So I have been reluctant to ask opinions of others in fear of ugliness repeating itself but I need the opinion of other Momma's. Ok, I don't "need" it...but I sure would like it:)
Being a Momma is still the best gift God has given me outside of salvation and a spouse. It is joy and sorrow, love and anxiety, peace and chaos all wrapped into one. I love it. While right now personally I am wrestling with alot in my heart...being a Momma is coming dare I say it: easier. I didn't say easy; I said easier. What I mean as opposed to impossibly hard it is only insanely difficult. Sadie Jane is mainly to thank for this. Her disposition calms me and brings me happiness. Micah's hysterical personality and incessant chatter keeps me cracking up. Life with my babies, while challenging, is my favorite mess to be in.

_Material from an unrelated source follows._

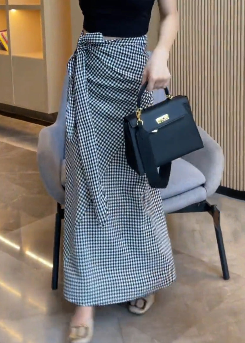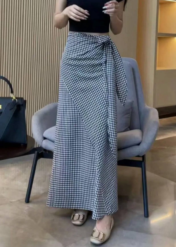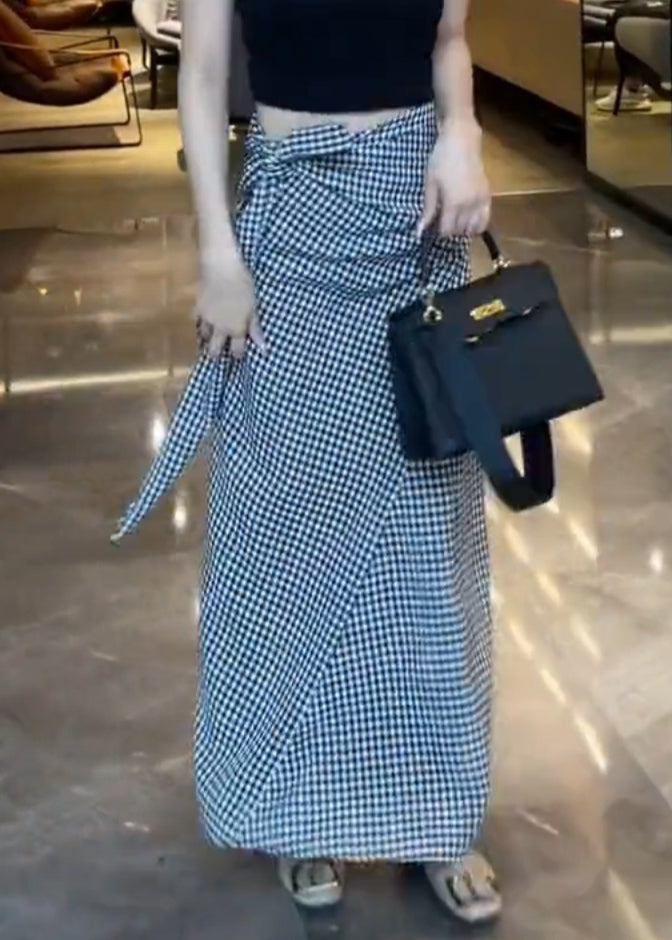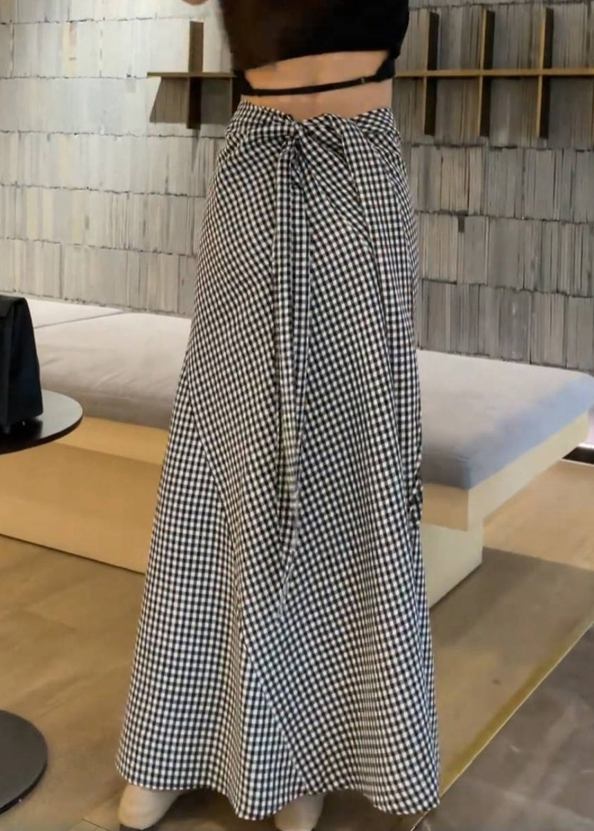 Art Plaid Lace Up High Waist Cotton Skirts Summer

All that to say there are some areas that are giving us a little trouble ...
a) "operation poop in the potty" All roads have led to pullups. We've tried rewards, bribes, punishment nothing seems to work. We have tried putting him in big boy pants and not giving him a choice...boy held it for three days. So now he just asks for a pullup when it gets to be that time. He goes and we change him, then back to big boy land. He flat refuses to go in the potty. We know it is a control thing...the one way he can stick it to the man (or in this case, the momma) but we really don't know what else to do, any suggestions?
b) fits. If you haven't seen one of these you are a lucky soul. But lately Micah at a moments notice can throw himself full into a fit. He gets timeout or spankings for disobedience or if it is close to bed or naptime and he can't pull it together then he gets a free ticket to early nappy nap. Is this a phase? Is this normal? What do you do to stop this? Unfortunately something about this fitpitching makes me super angry...I wish it didn't but because I KNOW that he can turn it on or off it just really frustrates me. I usually have to walk out and count to ten. Today I didn't do that and I yelled at Micah. He looked up at me and said "Why you yelling at me, Mommy?" Ughh. Break my heart and stomp on it. I took my ten seconds and then apologized but boy do I feel crummy about my actions. He did stop the fit though.
c) cereal. Not the cheerios kind but the kind for Sadie Jane. We started Micah at 4 mths but he didn't really eat any til 5. When did yours start and does this mess or help with reflux? Just trying to decide what to do.
Now I know no two kids are the same..and so far mine are anything but ordinary on anything they do...but just wanted to get some feedback. Thanks!